-- Opening Marker --
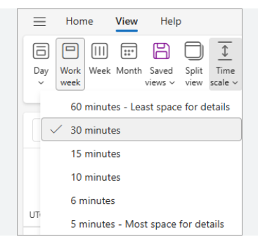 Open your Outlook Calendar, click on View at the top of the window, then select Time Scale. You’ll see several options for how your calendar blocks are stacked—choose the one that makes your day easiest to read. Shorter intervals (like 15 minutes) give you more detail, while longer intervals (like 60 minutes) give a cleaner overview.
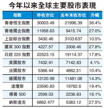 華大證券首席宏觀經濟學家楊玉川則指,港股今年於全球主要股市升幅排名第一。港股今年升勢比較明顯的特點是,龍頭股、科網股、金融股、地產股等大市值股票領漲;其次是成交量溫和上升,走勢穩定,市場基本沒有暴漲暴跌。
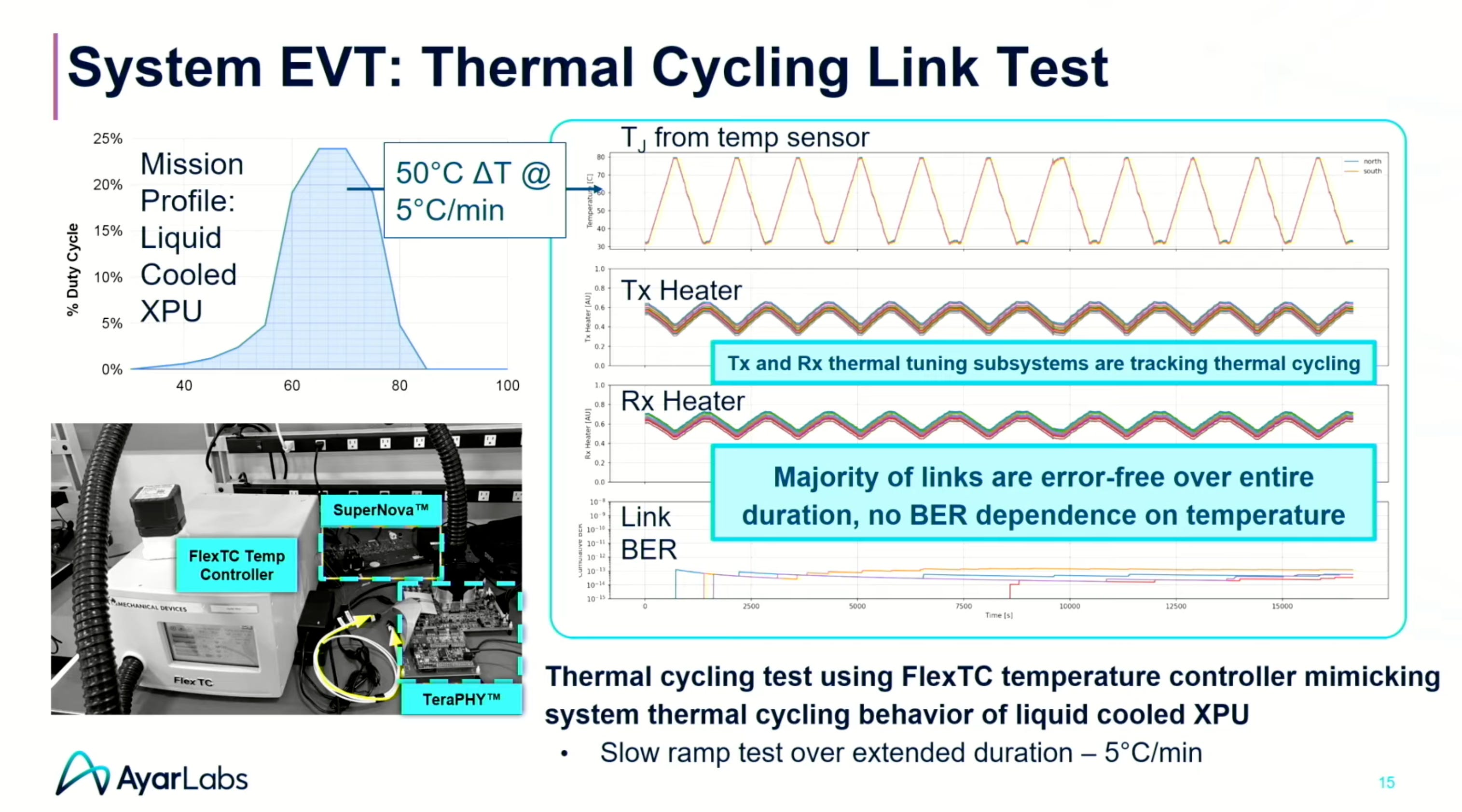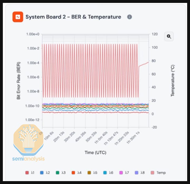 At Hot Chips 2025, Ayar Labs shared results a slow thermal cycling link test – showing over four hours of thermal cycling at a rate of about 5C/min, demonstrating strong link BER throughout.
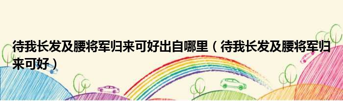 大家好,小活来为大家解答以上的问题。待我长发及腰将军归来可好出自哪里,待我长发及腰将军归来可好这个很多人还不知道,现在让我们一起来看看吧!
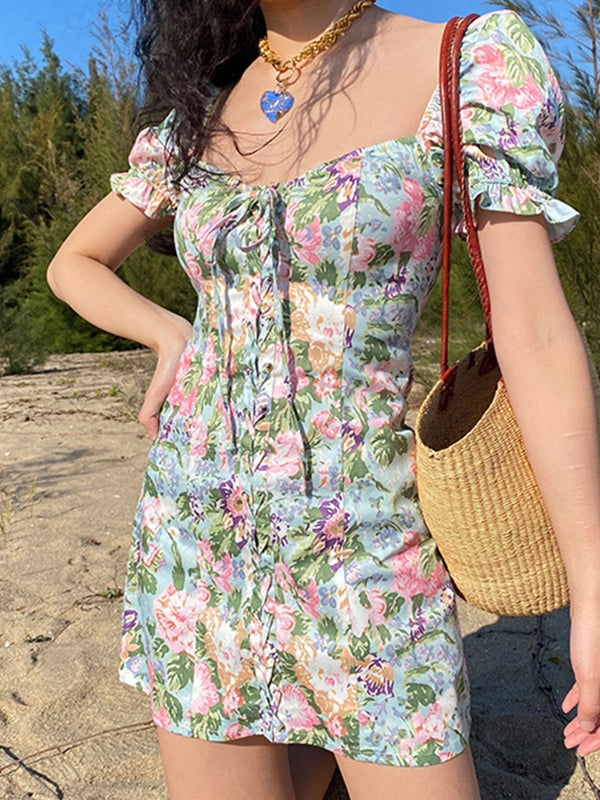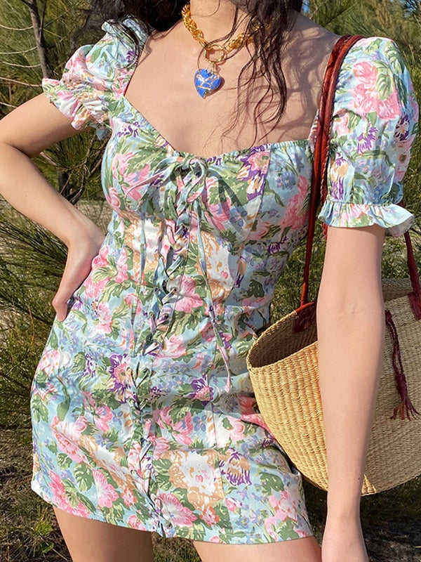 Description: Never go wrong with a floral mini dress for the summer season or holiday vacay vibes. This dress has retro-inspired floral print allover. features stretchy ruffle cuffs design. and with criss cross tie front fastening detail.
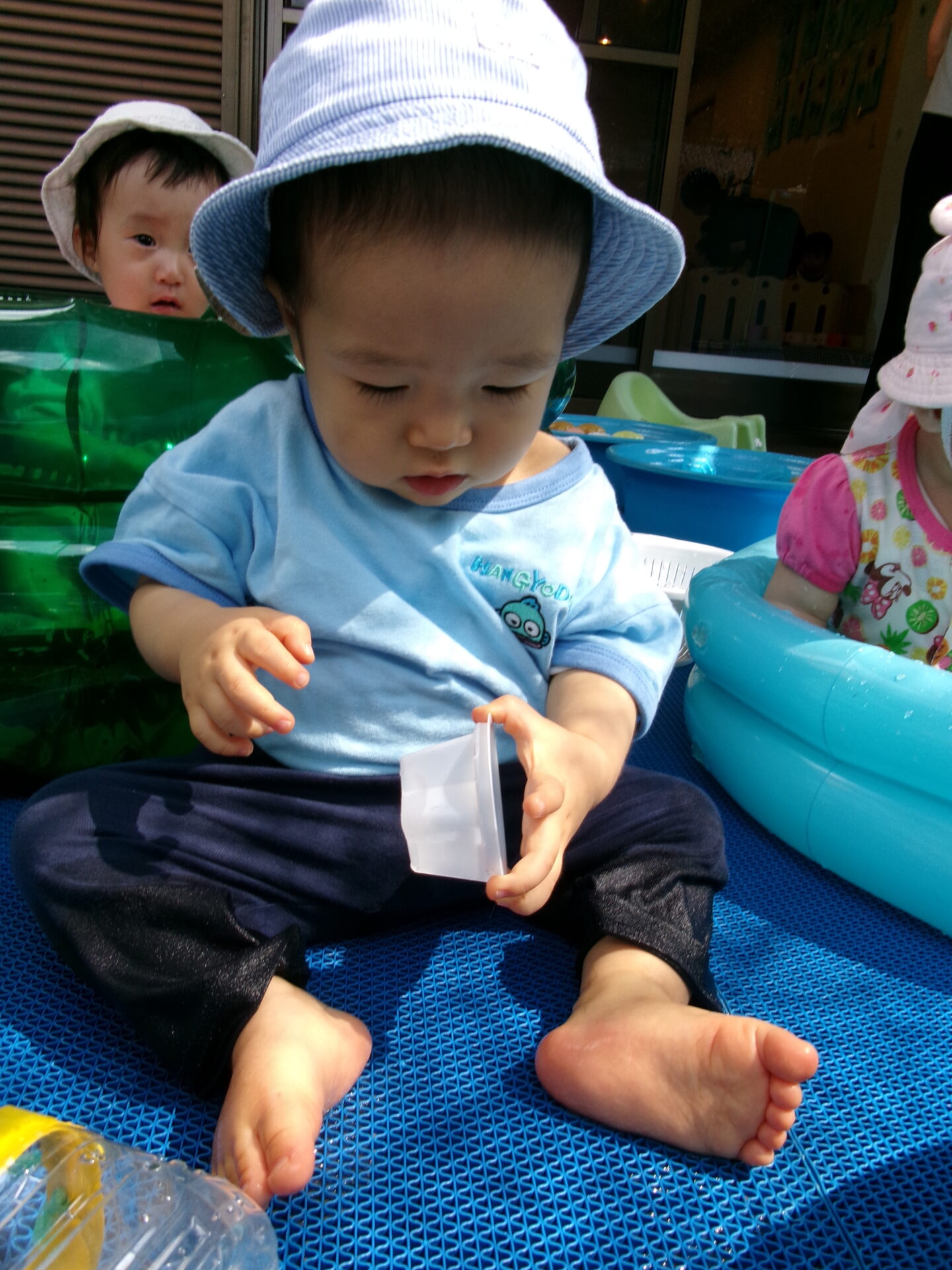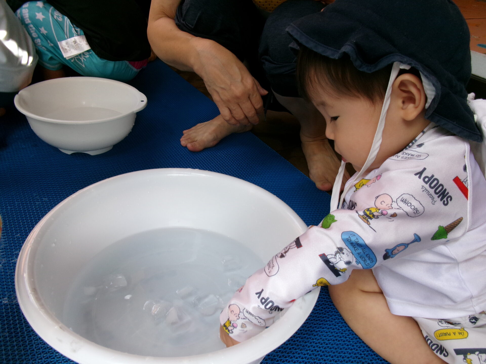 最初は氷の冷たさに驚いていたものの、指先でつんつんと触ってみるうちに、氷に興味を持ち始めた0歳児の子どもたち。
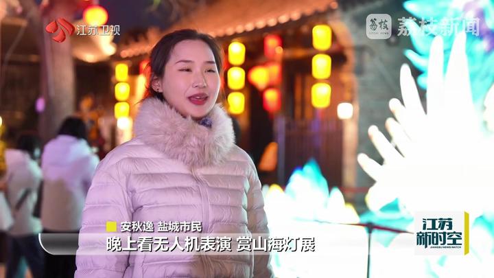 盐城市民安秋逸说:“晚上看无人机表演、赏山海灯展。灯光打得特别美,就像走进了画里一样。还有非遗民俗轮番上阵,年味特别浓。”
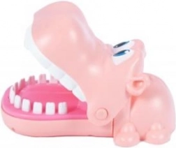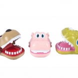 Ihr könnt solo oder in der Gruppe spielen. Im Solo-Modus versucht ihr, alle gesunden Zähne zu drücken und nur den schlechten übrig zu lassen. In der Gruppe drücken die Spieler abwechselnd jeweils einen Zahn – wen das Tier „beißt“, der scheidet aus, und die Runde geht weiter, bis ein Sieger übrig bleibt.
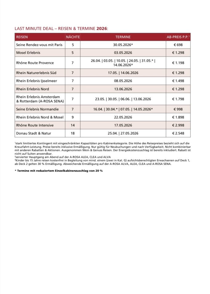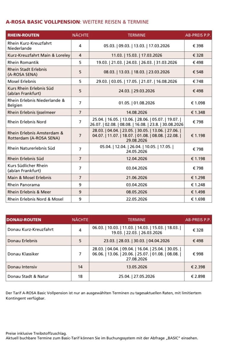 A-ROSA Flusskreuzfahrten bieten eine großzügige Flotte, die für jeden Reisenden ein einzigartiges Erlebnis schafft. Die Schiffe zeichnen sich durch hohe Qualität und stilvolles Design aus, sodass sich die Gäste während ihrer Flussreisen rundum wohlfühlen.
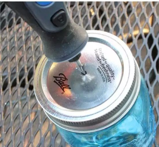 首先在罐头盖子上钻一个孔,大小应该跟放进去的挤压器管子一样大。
-- Closing Marker --
-- Opening Marker --
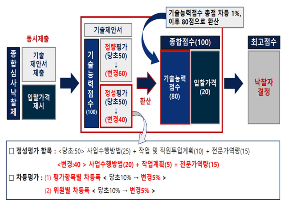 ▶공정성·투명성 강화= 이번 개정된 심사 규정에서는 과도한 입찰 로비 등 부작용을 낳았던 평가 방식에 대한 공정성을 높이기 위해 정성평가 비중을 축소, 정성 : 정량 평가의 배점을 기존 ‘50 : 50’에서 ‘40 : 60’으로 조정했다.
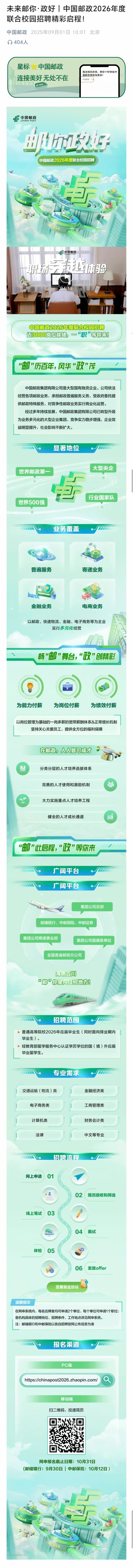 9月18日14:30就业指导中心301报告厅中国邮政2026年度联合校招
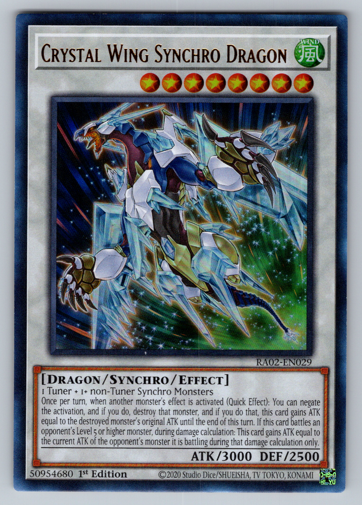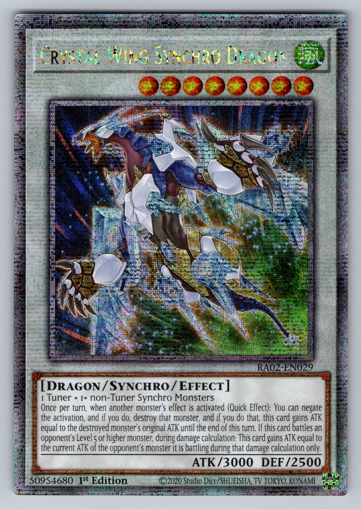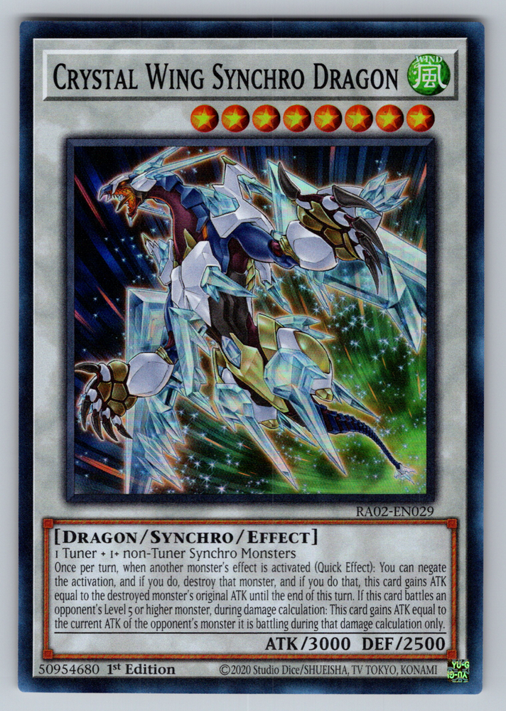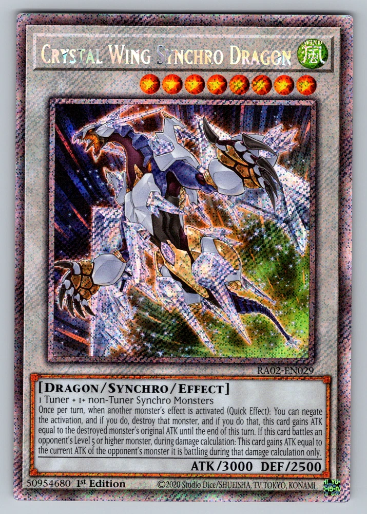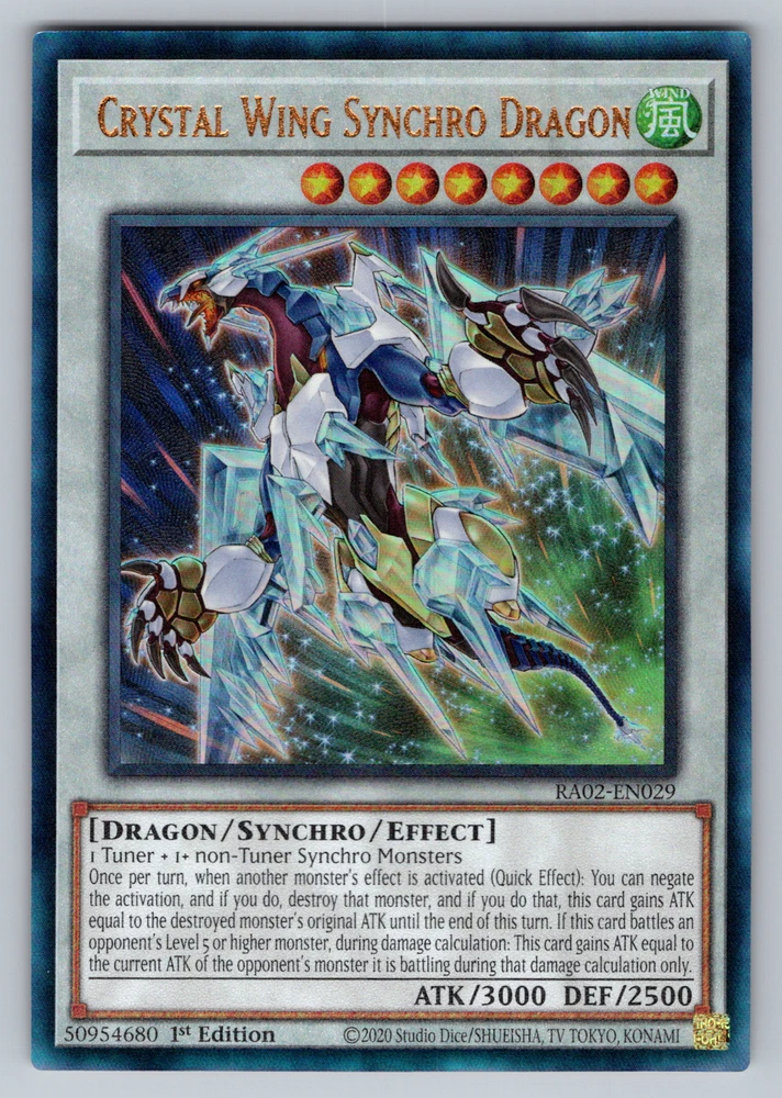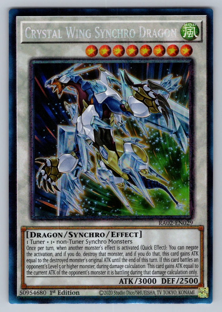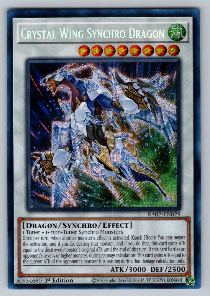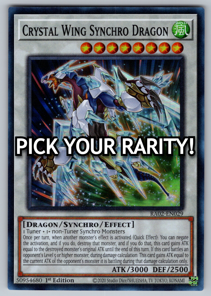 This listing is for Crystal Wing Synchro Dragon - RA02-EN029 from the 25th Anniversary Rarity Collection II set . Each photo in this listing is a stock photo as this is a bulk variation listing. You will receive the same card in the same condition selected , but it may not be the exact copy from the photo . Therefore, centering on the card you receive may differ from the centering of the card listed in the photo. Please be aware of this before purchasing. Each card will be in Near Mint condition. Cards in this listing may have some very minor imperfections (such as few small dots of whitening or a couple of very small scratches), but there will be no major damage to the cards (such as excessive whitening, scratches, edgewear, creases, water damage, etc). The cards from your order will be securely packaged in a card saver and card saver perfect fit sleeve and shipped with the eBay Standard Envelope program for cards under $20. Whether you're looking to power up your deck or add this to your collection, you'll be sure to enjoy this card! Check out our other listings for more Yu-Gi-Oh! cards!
-- Closing Marker --
-- Opening Marker --
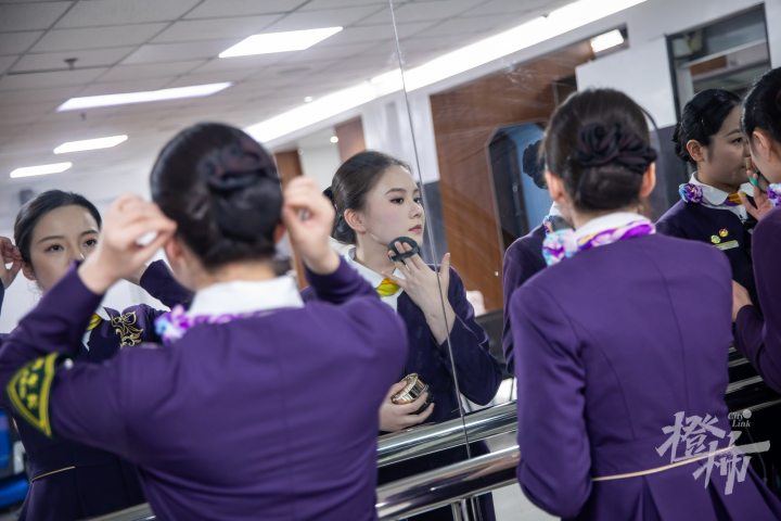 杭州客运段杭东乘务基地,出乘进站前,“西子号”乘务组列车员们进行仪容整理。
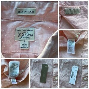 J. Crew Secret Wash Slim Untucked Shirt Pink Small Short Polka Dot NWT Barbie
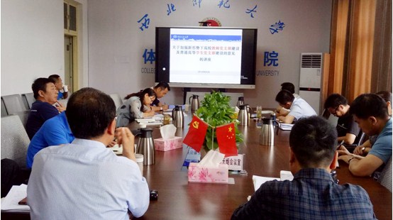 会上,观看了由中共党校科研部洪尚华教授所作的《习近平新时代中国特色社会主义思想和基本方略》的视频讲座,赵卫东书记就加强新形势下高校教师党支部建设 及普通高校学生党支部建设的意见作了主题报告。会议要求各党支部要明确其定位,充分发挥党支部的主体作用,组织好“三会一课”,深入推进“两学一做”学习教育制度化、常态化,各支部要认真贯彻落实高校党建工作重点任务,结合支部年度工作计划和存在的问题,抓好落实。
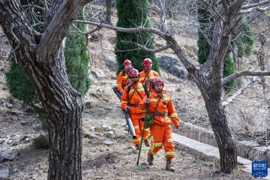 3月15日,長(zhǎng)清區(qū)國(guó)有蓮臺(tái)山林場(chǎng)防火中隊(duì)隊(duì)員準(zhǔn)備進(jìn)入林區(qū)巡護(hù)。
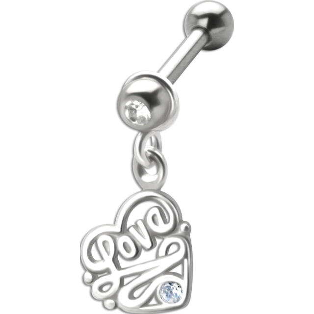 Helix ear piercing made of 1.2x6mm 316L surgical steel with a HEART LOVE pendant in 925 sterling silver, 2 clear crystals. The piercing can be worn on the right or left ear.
-- Closing Marker --
◆ **About this exercise**
Working from the entries above, reproduce exactly and only the lines beginning with the line that has "華大證券首席宏觀經濟學家楊玉" and ending with the line that has "首先在罐头盖子上钻一个孔,大小应该跟放进去的挤压器管子一样大。"; omit all pictures.

◆ **Response below**
 華大證券首席宏觀經濟學家楊玉川則指,港股今年於全球主要股市升幅排名第一。港股今年升勢比較明顯的特點是,龍頭股、科網股、金融股、地產股等大市值股票領漲;其次是成交量溫和上升,走勢穩定,市場基本沒有暴漲暴跌。
 At Hot Chips 2025, Ayar Labs shared results a slow thermal cycling link test – showing over four hours of thermal cycling at a rate of about 5C/min, demonstrating strong link BER throughout.
 大家好,小活来为大家解答以上的问题。待我长发及腰将军归来可好出自哪里,待我长发及腰将军归来可好这个很多人还不知道,现在让我们一起来看看吧!
 Description: Never go wrong with a floral mini dress for the summer season or holiday vacay vibes. This dress has retro-inspired floral print allover. features stretchy ruffle cuffs design. and with criss cross tie front fastening detail.
 最初は氷の冷たさに驚いていたものの、指先でつんつんと触ってみるうちに、氷に興味を持ち始めた0歳児の子どもたち。
 盐城市民安秋逸说:“晚上看无人机表演、赏山海灯展。灯光打得特别美,就像走进了画里一样。还有非遗民俗轮番上阵,年味特别浓。”
 Ihr könnt solo oder in der Gruppe spielen. Im Solo-Modus versucht ihr, alle gesunden Zähne zu drücken und nur den schlechten übrig zu lassen. In der Gruppe drücken die Spieler abwechselnd jeweils einen Zahn – wen das Tier „beißt“, der scheidet aus, und die Runde geht weiter, bis ein Sieger übrig bleibt.
 A-ROSA Flusskreuzfahrten bieten eine großzügige Flotte, die für jeden Reisenden ein einzigartiges Erlebnis schafft. Die Schiffe zeichnen sich durch hohe Qualität und stilvolles Design aus, sodass sich die Gäste während ihrer Flussreisen rundum wohlfühlen.
 首先在罐头盖子上钻一个孔,大小应该跟放进去的挤压器管子一样大。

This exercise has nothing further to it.